The sample data and visualizations documented on this site use data processing and analytic results generated by the edX Learner and Course Analytics and Visualization Pipeline for the MITxPro Fall 2016 course, Architecture of Complex Systems (MITProfessionalX+SysEngxB1+3T2016).
The sample data sets are provided in the project GitHub repository’s Data directory. The sample data sets are briefly described below. A full description of each data set and field list described in the supplemental materials, S1 Appendix of the PloS one paper.
Each figure is a statistical graph was created using R Studio; numerous packages from Tidyverse, including plyr, stringr, ggplot2; the colorspace package was used to generate color palettes for the visualizations; RCurl for importing data from GitHub.
Data A was created by the script edX-1-courseStructureMeta.R. The data is a CSV of the the course structure used to represent the content of the MITxPro course, Architecture of Complex Systems, Fall 2016.
## 'data.frame': 735 obs. of 14 variables:
## $ id : Factor w/ 735 levels "block-v1:MITProfessionalX+SysEngxB1+3T2016+type@chapter+block@16ff74448fa34af2a1c080c99d4e844c",..: 9 3 524 667 166 258 381 485 417 443 ...
## $ mod_hex_id : Factor w/ 735 levels "003a48b7833a46feb5b56a684a115796",..: 591 119 254 629 352 523 79 658 314 394 ...
## $ courseID : Factor w/ 1 level "MITProfessionalX+SysEngxB1+3T2016": 1 1 1 1 1 1 1 1 1 1 ...
## $ mod_type : Factor w/ 11 levels "chapter","course",..: 2 1 7 9 4 4 6 6 6 6 ...
## $ name : Factor w/ 221 levels "","Action Plan",..: 19 125 124 124 NA NA 141 144 145 146 ...
## $ markdown : Factor w/ 118 levels " >>Drive Layout: Front-wheel, rear-wheel, or all-wheel<<\n \n [[(Architectural decision), Design decision]]\n \n\n",..: NA NA NA NA NA NA NA NA NA NA ...
## $ order : int 1 2 3 4 5 6 7 8 9 10 ...
## $ childOrder : int 0 1 1 1 1 2 3 4 5 6 ...

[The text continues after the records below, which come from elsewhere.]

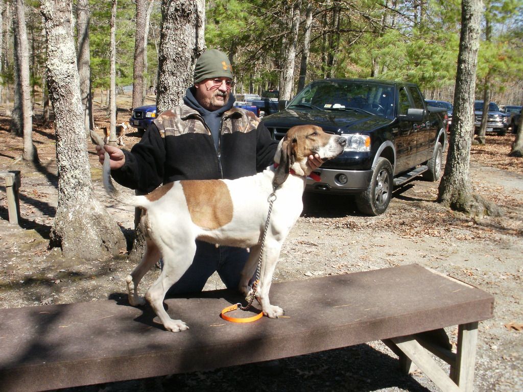 Wow what a day, every so often I like to try and show a little kindness to my fellow man, well today was one of them. It all started early this morning, Bond and I had made plans for a little trip to Clifton Forge, Va. for a show, however a small problem, Wendell was not sure if Jamie would let him go, so I met Wendell at the shop this morning and had a long talk with Jamie, she said it was ok this time but only if I would keep her little teddy bear out of trouble and get him home. Mission Completed. Then he ask me to show his young Redbone Female, I told him he was now pushing it,(Corky really thought that was funny me leading his dog) but I did it. Which I enjoyed, but remember this was one of those good days.
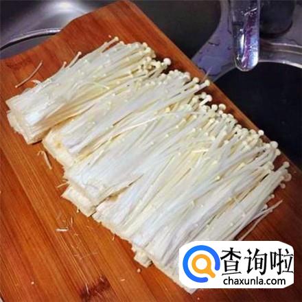 金针菇把底部切掉,然后分成一小缕一小缕的样子,清洗干净控干水。
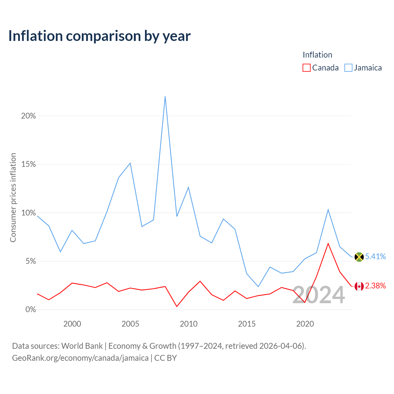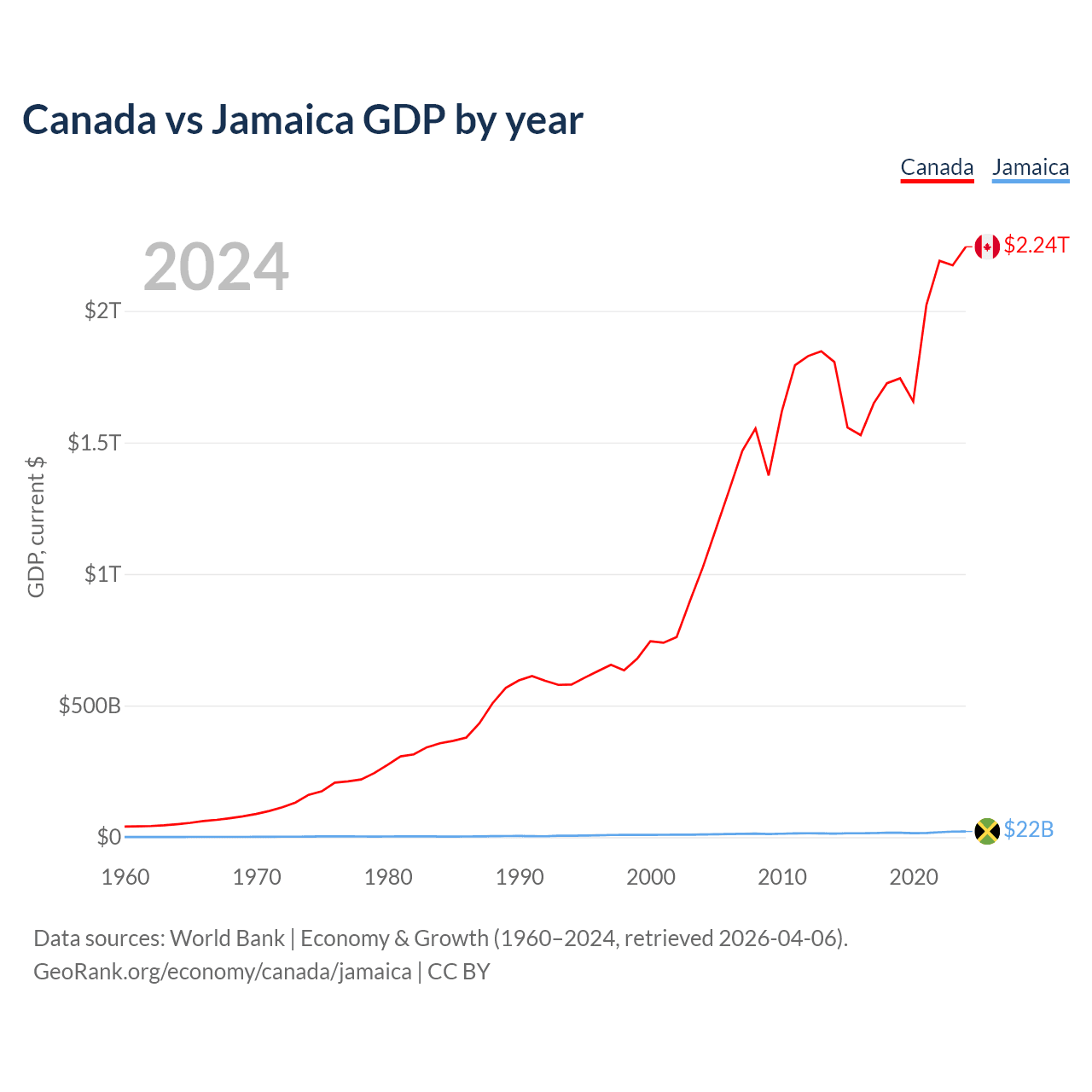 Canada has a GDP of $2.24T compared to $22B for Jamaica, ranking 9/197 and 124/197 by economy size, respectively.

## $ treelevel : int 0 1 2 3 4 4 4 4 4 4 ...
## $ chpModPar : Factor w/ 8 levels "16ff74448fa34af2a1c080c99d4e844c",..: NA 3 3 3 3 3 3 3 3 3 ...
## $ seqModPar : Factor w/ 54 levels "03a3841a0f684ecd93995d985355da91",..: NA NA 22 22 22 22 22 22 22 22 ...
## $ vrtModPar : Factor w/ 121 levels "079e627ca30f4899858cdcdd4574b553",..: NA NA NA 110 110 110 110 110 110 110 ...
## $ parent : Factor w/ 184 levels "03a3841a0f684ecd93995d985355da91",..: 151 151 35 81 163 163 163 163 163 163 ...
## $ modparent_childlevel: Factor w/ 735 levels "03a3841a0f684ecd93995d985355da91/1",..: 584 585 143 337 640 647 648 649 650 651 ...
Data B was created by the script edX-5-learnerTrajectoryNet.R. The data represents the learner trajectory network of a student that completed the MITxPro course, Architecture of Complex Systems, Fall 2016.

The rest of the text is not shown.